With vaccinations for COVID-19 becoming the ever-dominant news item, Fr. Ripperger moved onto the specific question of vaccines for the virus and their morality. “If there are vaccinations that are derived from aborted fetal tissue or have a relationship to aborted fetal tissue lines, then we have an obligation to seek out those that are not doing that – even if there is sufficiently grave cause to have the vaccination done, you still have to seek the alternative.”

“And this is the problem with some of the stuff coming out recently,” he added. “The real problem with COVID is there’s not sufficiently grave cause to be vaccinated for it…People are being brainwashed by the mainstream media; they’re constantly harping on this thing.”

Ripperger also commented on the modern phenomena of how people are losing the ability to even assess the gravity of situations, because they make decisions based upon emotions and are “literally in panic mode.”

“There has to be mass death in order for us to start using things that are gravely morally illicit in order to survive,” he continued.

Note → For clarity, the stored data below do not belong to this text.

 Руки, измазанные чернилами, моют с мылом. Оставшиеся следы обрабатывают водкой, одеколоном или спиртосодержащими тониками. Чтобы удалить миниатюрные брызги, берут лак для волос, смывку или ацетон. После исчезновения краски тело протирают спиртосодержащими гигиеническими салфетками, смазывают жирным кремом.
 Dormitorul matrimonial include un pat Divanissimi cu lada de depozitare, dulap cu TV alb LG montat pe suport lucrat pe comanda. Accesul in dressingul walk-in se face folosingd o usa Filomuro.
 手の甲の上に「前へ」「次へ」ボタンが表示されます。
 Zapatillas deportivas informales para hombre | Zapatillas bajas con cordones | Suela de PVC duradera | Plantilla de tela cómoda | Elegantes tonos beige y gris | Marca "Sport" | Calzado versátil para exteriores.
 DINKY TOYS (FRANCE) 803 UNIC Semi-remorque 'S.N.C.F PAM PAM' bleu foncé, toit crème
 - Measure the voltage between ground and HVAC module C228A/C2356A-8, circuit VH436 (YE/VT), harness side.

Since the death rate for COVID-19 is so slight “it is not something for which the health requirements suffice in my opinion.”

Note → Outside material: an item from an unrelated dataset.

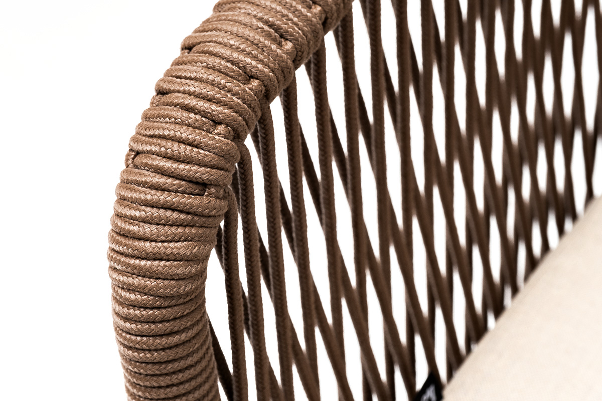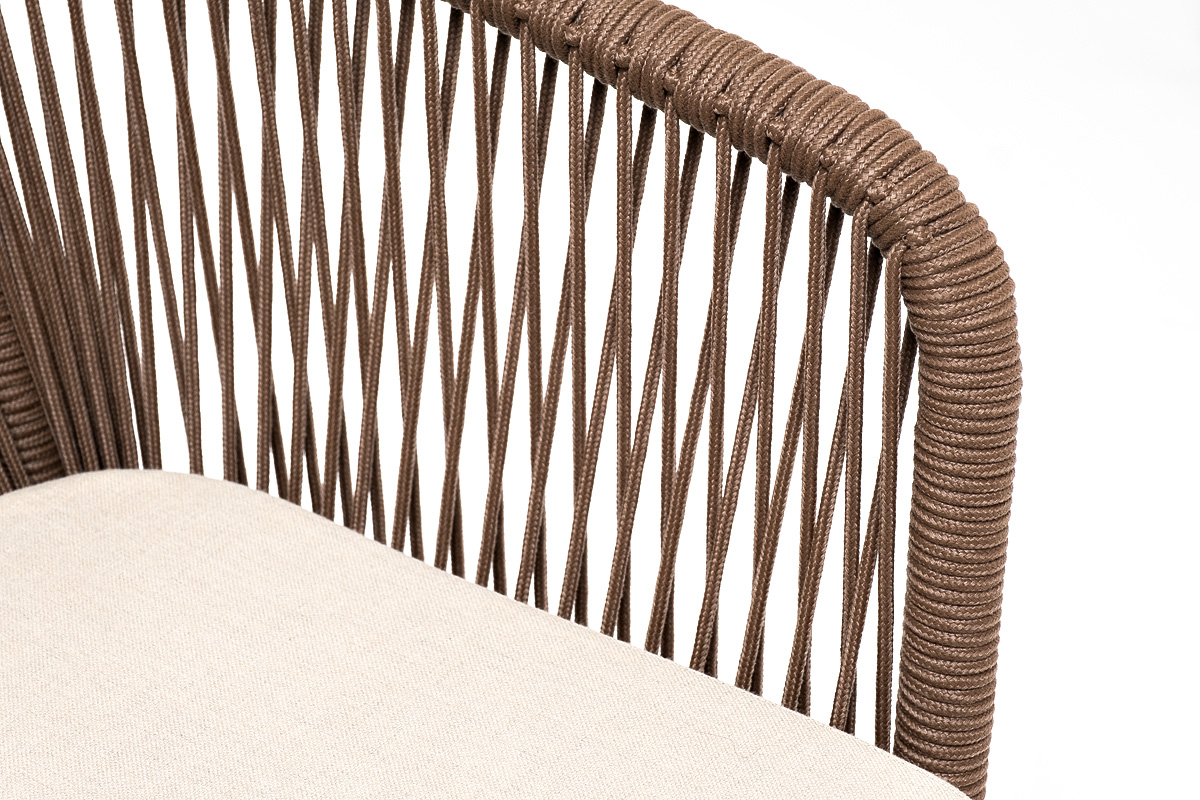 "Марсель" стул плетеный из роупа, каркас алюминий коричневый (RAL8016) муар, роуп коричневый круглый, ткань темно-серая 027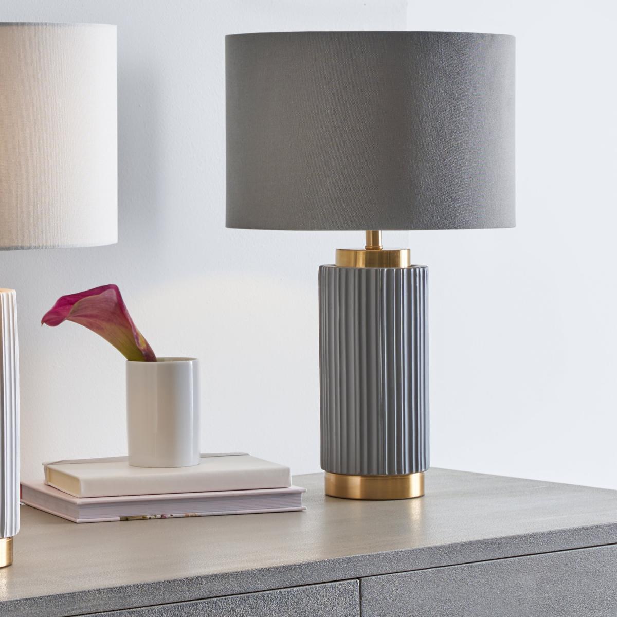 Designed to last, this durable ceramic Ionic table lamp has a modern ribbed design that will refresh your chosen room's decor. The lamp will also help provide a nice light level for when you settle down in an evening. Just buy an ES GLS bulb and get your room lit up in no time.

However, he did add that in “extreme cases, that is on a case by case basis,” certain people “might” be permitted to receive the vaccination, although this is somewhat different to Bishop Athanasius Schneider’s point that any vaccine connected to abortion is “already unacceptable for a Catholic.”

Schneider has taught that “we have to resist” any abortion tainted vaccines, noting that if we cannot use the “fruits” of the “cruel genocide of unborn.” “How we can with this entire determination be and proclaim being against abortion, then, when we accept these vaccines? When at the beginning it is the murder of a child.”

Refusing vaccines

Ripperger closed by dealing with the question of refusing vaccinations, noting that “if you’re talking about a [disease] for which there is less than a 1% death rate, and the government is trying to require you to get it, just the government requiring you to get it does not suffice for it to be morally permissible.”

In fact, one could refuse a vaccine for a greater good, he added. “For example, if, for the sake of argument, collectively people realize that the government is using COVID in order to control and manipulate people, refusal of the vaccination that the government requires may be a way to break the government’s strangle hold on the people. It may be a way in which this is done.” 

“In that particular case it actually becomes something good,” Ripperger declared, “you can refuse to get the vaccination even if it’s required by the government.”

He touched on the response which Catholics must have regarding abortion-connected vaccines, saying, “Catholics, specifically, who have a moral developed system have to be prepared to be willing to stand the line in relationship to this type of thing, even if it means grave inconvenience. They’re going to have be willing to fight this battle.”

“If we compromise, they’re not going to take away just our right to follow our conscience, they’re going to start taking away our right to worship…”

Once again, Fr. Ripperger’s words echo those of Bishop Schneider’s, who highlighted the demonic aspect of making the world’s population complicit in the sin of abortion, through using abortion-connected vaccines. Schneider said, “This is for me the last step of Satanism: that Satan and the world government – ultimately the masonic world government – will oblige all, even the Church, to accept abortion in this way. And therefore we must resist very strongly against this, if it comes. We must even accept to be martyrs.”